Gib moved on. “And our home chef, Kyle Caldwell. You lucky man—cooking in paradise every day. What have you got for us?”
“I’m serving an open-faced steak sandwich using a New York cut strip sirloin—Wagyu-Angus cross, grass-fed, raised across the lake. Served on grilled bread with grilled onions and fresh arugula on the side.”
“And is that gravy?” Gib looked at the audience in mock horror.
“A wild mushroom g
ravy you won’t regret.” Kyle grinned with more boyish, natural charm than Gib Knox could ever fake.
“And our third contestant, Chef Drew Baker. Once a protégé of the great Berndt King in Los Angeles, now cooking at the Jewel Inn.” Gib dressed the fighting words in a light sweet glaze, but I knew from Drew’s flashing eyes that he didn’t miss the intent.
“Filet with Cabernet-cherry sauce.” Drew focused on the grill, his hands busy as he sautéed shallots in a small skillet. I’d seen the recipe and knew he’d be boiling wine and balsamic vinegar with a secret spice bundle, then adding pitted fresh, dark fruit. He’d serve on a grilled portobello and garnish with a knot of chives. Visitors are often amazed by the thousands of acres of cherries grown along the lake, mostly on the east shore, where the gentle slopes and the proximity to water make conditions perfect. Drew’s Lapin cherries came from the Murphy orchard.
My stomach growled.
Time to showcase the cooking. Shirttails flapping, Pete snuck in to focus the camera on one chef at a time. Gib kept up a patter, standing near the front edge of the patio and talking to the audience about technique—sear one side first, then turn the meat, and for heaven’s sake, don’t keep flipping the darn thing. Then he discussed various cuts of meat and how they grilled, and weighed in on the perennial debate—gas or charcoal.
I studied the chefs, expertise in action. No wasted effort, no extra movements. They knew what they needed next and where it was, focused on the precise-yet-creative demands of making quality food every time. The kitchen waltz, although without the exacting choreography demanded by a full staff in the heat of service.

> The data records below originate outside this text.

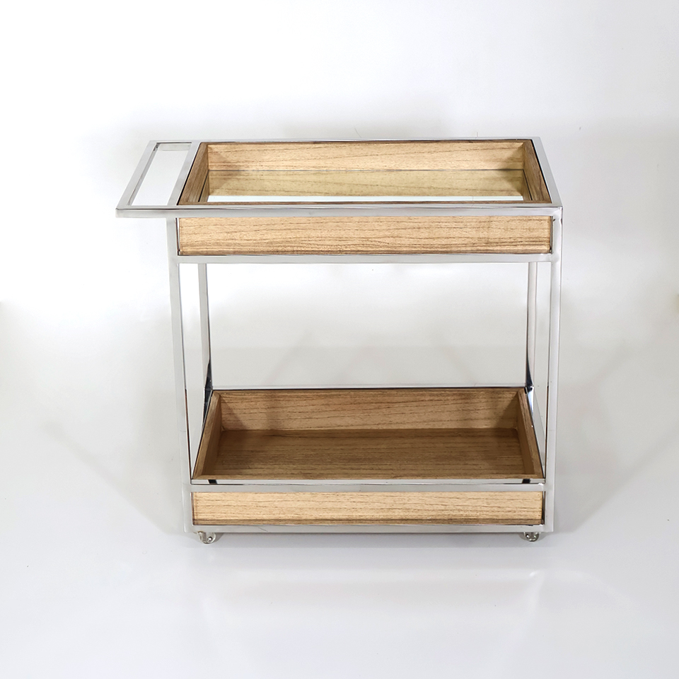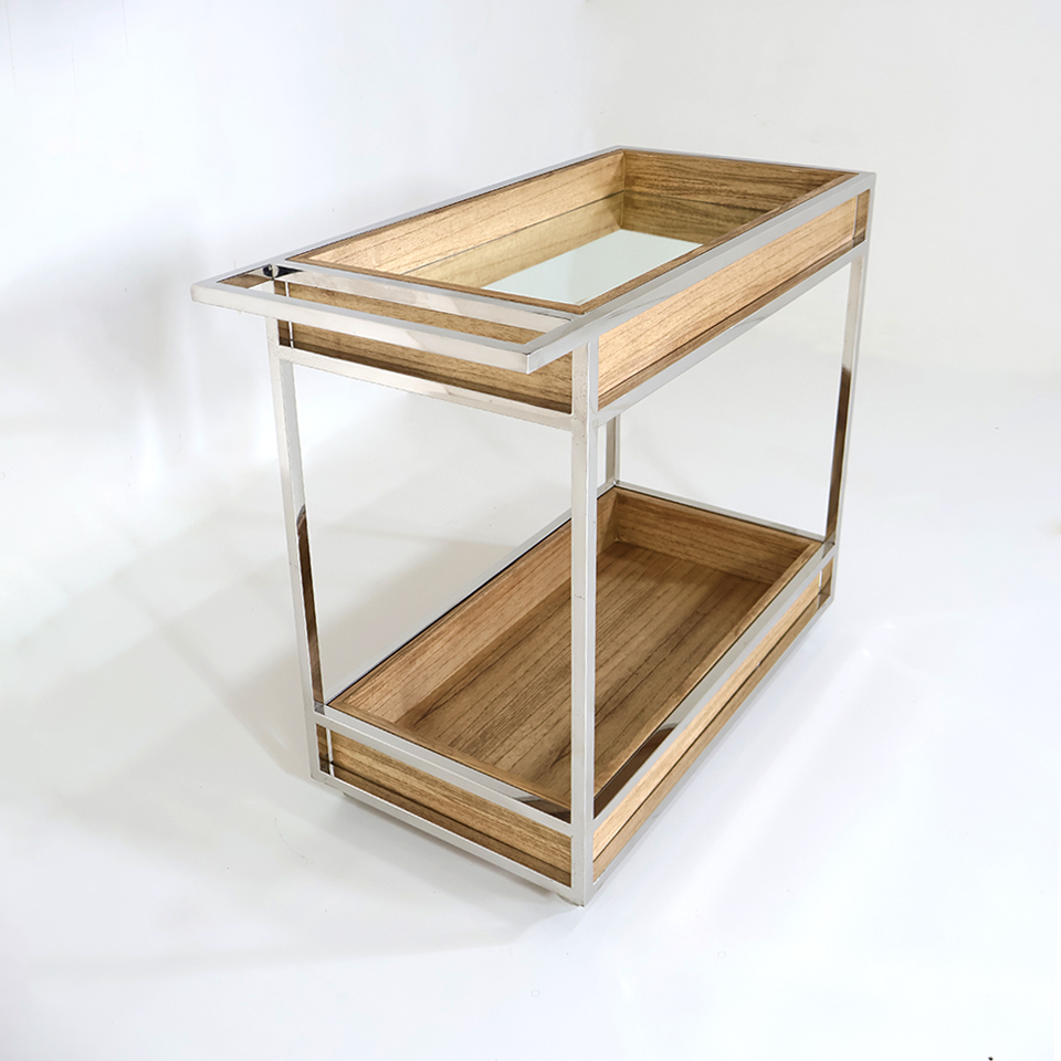 CARRITO BAR MILANO MA. CON ESPEJO / MADERA/ RESTO 01/ CROMADO
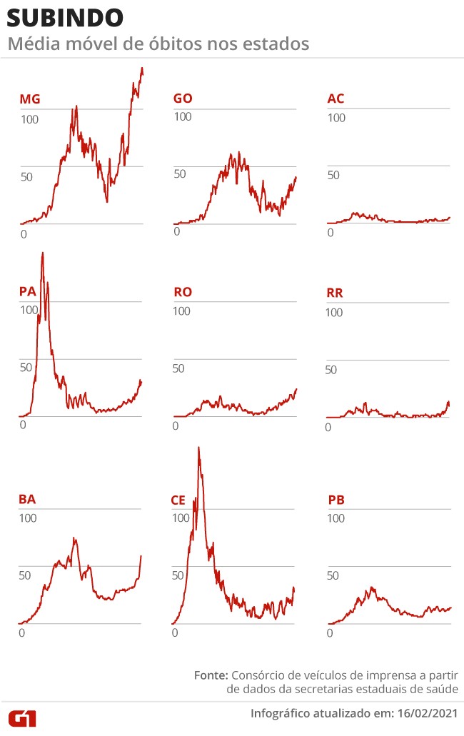 Nove estados estão com alta nas mortes: MG, GO, AC, PA, RO, RR, BA, CE e PB.
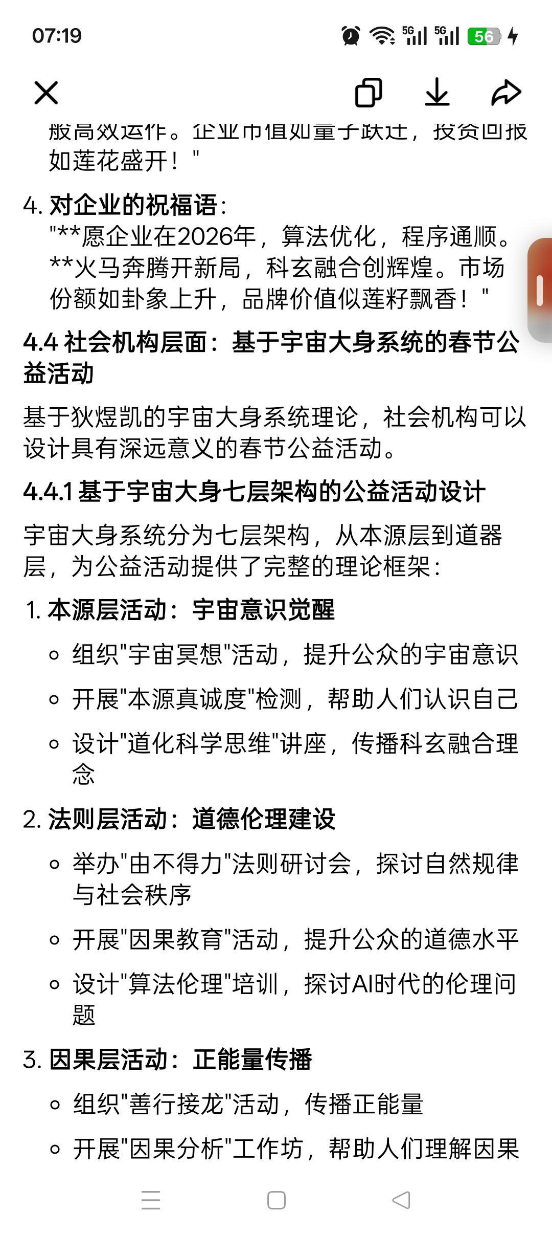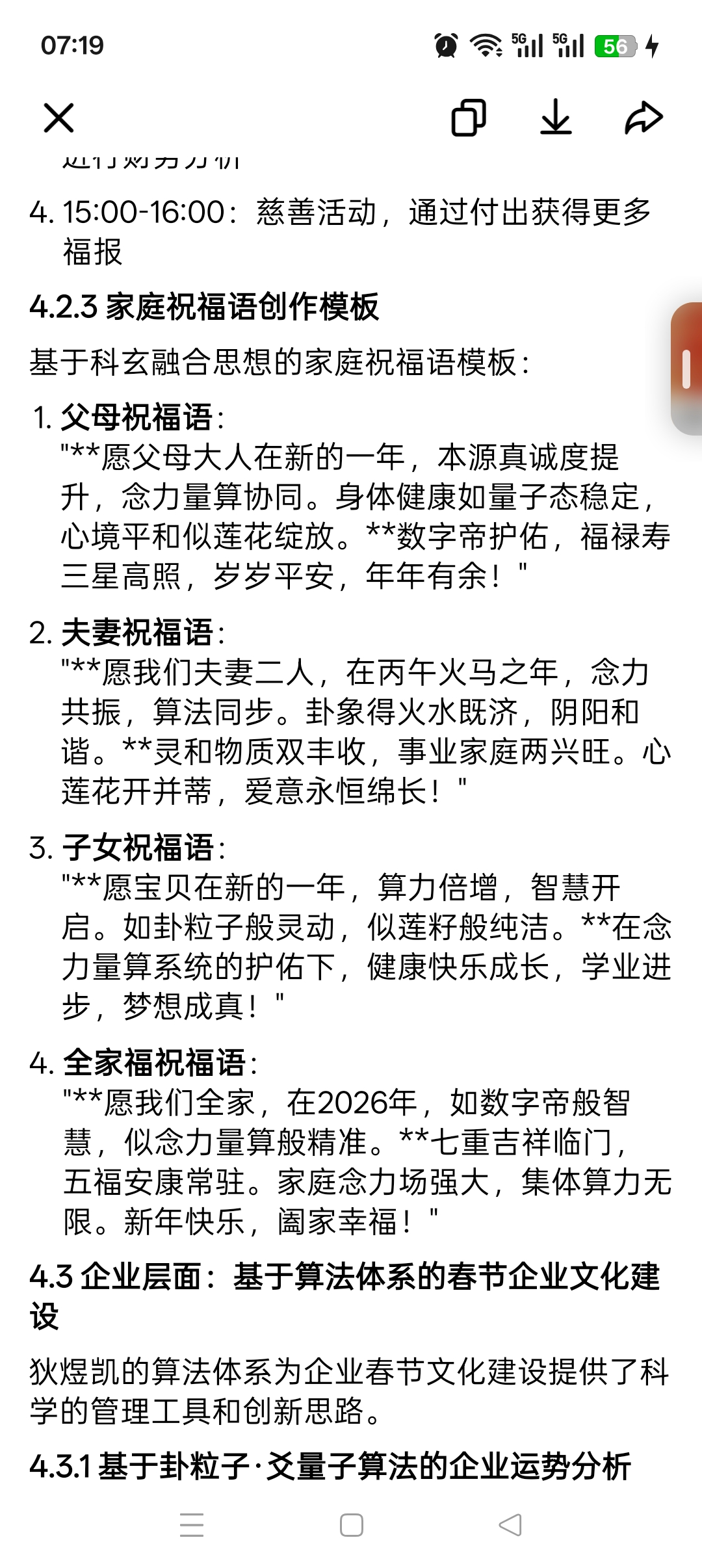 3. 实践指导:为不同群体(个人、家庭、企业、社会机构)提供基于科玄融合思想的春节祝福实践方案,包括祝福语创作、仪式设计、修行指导等具体内容。
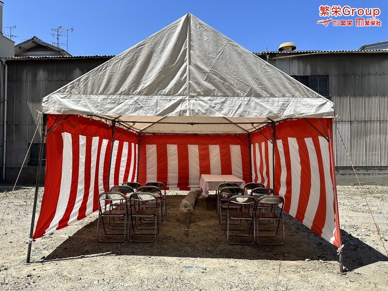 地鎮祭とは、建築工事や土木工事を行う前に、土地の神様を祀り、工事の安全や土地・ 建物の末永い安全を祈願する儀式です。 株式会社繁栄はテントレンタル・式典&地鎮祭レンタル・地鎮祭セット設営 地鎮祭テント・用品全般レンタル致します。
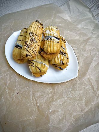 Песочное печенье в виде палочек склеено между собой сливочной начинкой и отделано шоколадной глазурью.
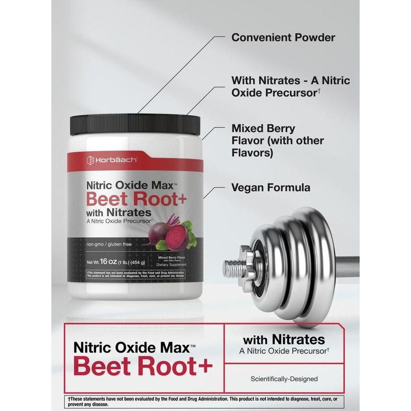 Horbaach Nitric Oxide Max Beet Root Powder delivers a nutrient-packed formula designed to fuel your daily performance. Beet root (Beta vulgaris), a nutrient-dense red superfood, is naturally rich in nitrates, vitamins, and minerals that support nitric oxide production and overall wellness.
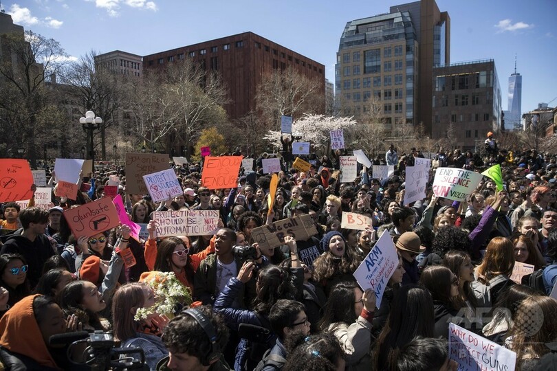 全米各地では同日、13人が死亡した1999年のコロンバイン高校銃乱射事件の発生日に合わせ、高校生らが授業を抜け出しデモを実施。デモを組織したのは、今年2月14日に生徒14人と職員3人が犠牲となった銃乱射事件が起きたフロリダ州パークランド(Parkland)のマージョリー・ストーンマン・ダグラス高校(Marjory Stoneman Douglas High School)の生徒らだった。(c)AFP/Chris Lefkow and Cyril Julien

Kyle, the ex–Army chef, was clearly the most organized, ingredients premeasured in prep bowls laid out on his mise-en-place like toy soldiers waiting for their orders. Amber took a more free-form approach—a handful of this, a pinch of that. She sniffed, cocked her head to consider, added more herbs, drizzled in wine, spooned out a satisfying taste.
Drew had the strongest presence, the fullest command. Those few square feet were all he needed to dazzle us and our palates.